Le plastique est un matériau formidable : il est léger, il est solide, il peut être soufflé, moulé et il est économique à produire. Au départ, le plastique est un produit naturel à base de cellulose et de résine : le celluloïd ou la bakélite. Il ne pose donc aucun problème puisqu’il est biodégradable. Mais à partir du XXe siècle, il devient un produit chimique fabriqué à base de pétrole. Il aura un effet décisif pendant la guerre, par exemple pour fabriquer les parachutes en nylon (bien moins chers que les parachutes en soie). Après la guerre, on s’aperçoit que le plastique a d’énormes usages civils : grâce à lui, on peut fabriquer des canalisations qui permettent de rendre facile l’adduction d’eau et son évacuation, il permet d’alléger le poids des voitures ou des avions. Il est un élément décisif de l’amélioration de la qualité de l’alimentation (en particulier avec la mise sous vide). Il permet de transporter de l’eau, par exemple à la suite d’un tremblement de terre, grâce aux bouteilles. Il sauve des vies grâce aux airbags ou aux casques. Sans parler de la médecine moderne : depuis les gants jetables jusqu’aux seringues en passant par les prothèses, les cathéters ou les scanners, tout est en plastique. Il est la base de l’asepsie qui explique en grande partie l’amélioration de l’espérance de vie depuis 70 ans.

L’exposition montre bien que le plastique commence à être un problème au cours des Trente Glorieuses. On entre dans la civilisation du jetable : les collants, les rasoirs, les couverts, les assiettes, les contenants alimentaires et surtout les sacs deviennent tous à usage unique, produisant des montagnes de déchets. S’ajoute à cela la fabrication de babioles pas toujours très utiles. C’est la combinaison de son origine chimique et de son utilisation de masse qui génère un problème planétaire.

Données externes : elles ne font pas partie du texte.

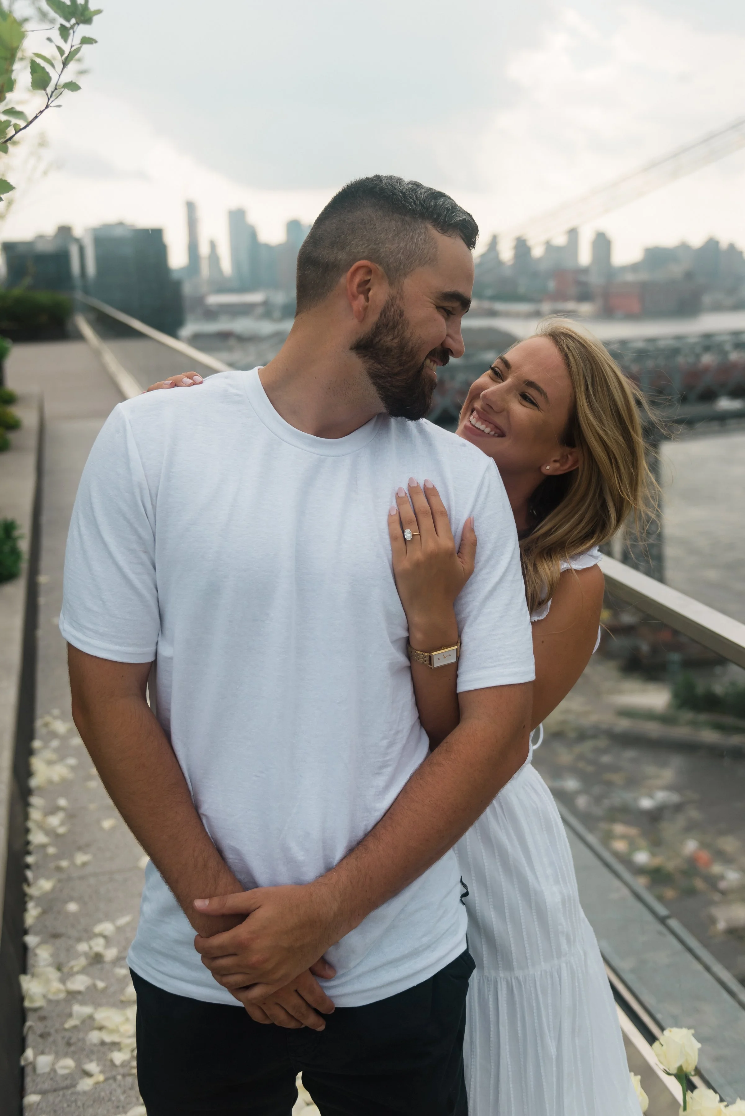 Ashley and Christian met in late 2017 when they found love in a very unexpected place, SantaCon (a bar crawl in NYC where people dress up as Santa Claus). Ashley and Christian hit it off so quickly that when she needed to leave that evening for a holiday party at her cousin’s house, she invited Christian to tag along. (Shout out to everyone that has been there since literally day one of the story!) After that night, Christian and Ashley began meeting for weekly dates that started their ongoing search for the best pasta in New York City. After several years of falling more and more in love, Christian proposed to Ashley on July 17th, 2021 on the apartment rooftop in Williamsburg, Brooklyn (their favorite place in the world!)

1 000 camions poubelles par jour

Progressivement, les 9 milliards de tonnes de plastique produites depuis 1950 deviennent des déchets durables. En effet, la matière ne se dégrade que très lentement. En même temps, la consommation a augmenté de façon exponentielle : il génère 300 millions de tonnes de déchets chaque année, soit le poids de la population humaine ! Une bonne partie de ces déchets est rejetée dans la mer : l’équivalent de 1000 camions poubelles par jour. Il y a un continent de plastique qui flotte sur le Pacifique d’une surface d’un million de kilomètres carrés (soit deux fois la France). L’exposition montre des photos d’îles couvertes de déchets bien que totalement inhabitées. Le plastique s’intègre aussi dans la chaîne alimentaire depuis les animaux jusqu’aux hommes, sans qu’on en connaisse encore aujourd’hui les conséquences. Ainsi, une personne qui ne boit que de l’eau minérale en bouteille plastique l’équivalent d’une carte bancaire par semaine en microparticules de polymères.

Tout n’est pas désespéré

Il existe pourtant des solutions. Si le problème du plastique est aussi grave que celui du changement climatique, il est beaucoup plus facile à résoudre, nous explique-t-on. L’exposition montre que les solutions sont de trois ordres : 

- Tout d’abord, le substitut : fabriquer moins d’objets en plastique, comme cette start-up française qui réalise des gobelets à base de cellulose et de sable, matériaux beaucoup plus biodégradables. 

- Ensuite, on peut récupérer et nettoyer. Pour l’instant, une part minime du plastique est recyclée. Pourtant il existe de l’espoir. Dans certains pays en voie de développement, se montent des filières de récupération qui permettent à ceux qui y travaillent d'en vivre. Il est possible aussi sans difficulté de capter plus de déchets pour les mettre dans le circuit de l’élimination. Après le substitut, la deuxième solution est donc la récupération des objets, leur réutilisation ou leur élimination.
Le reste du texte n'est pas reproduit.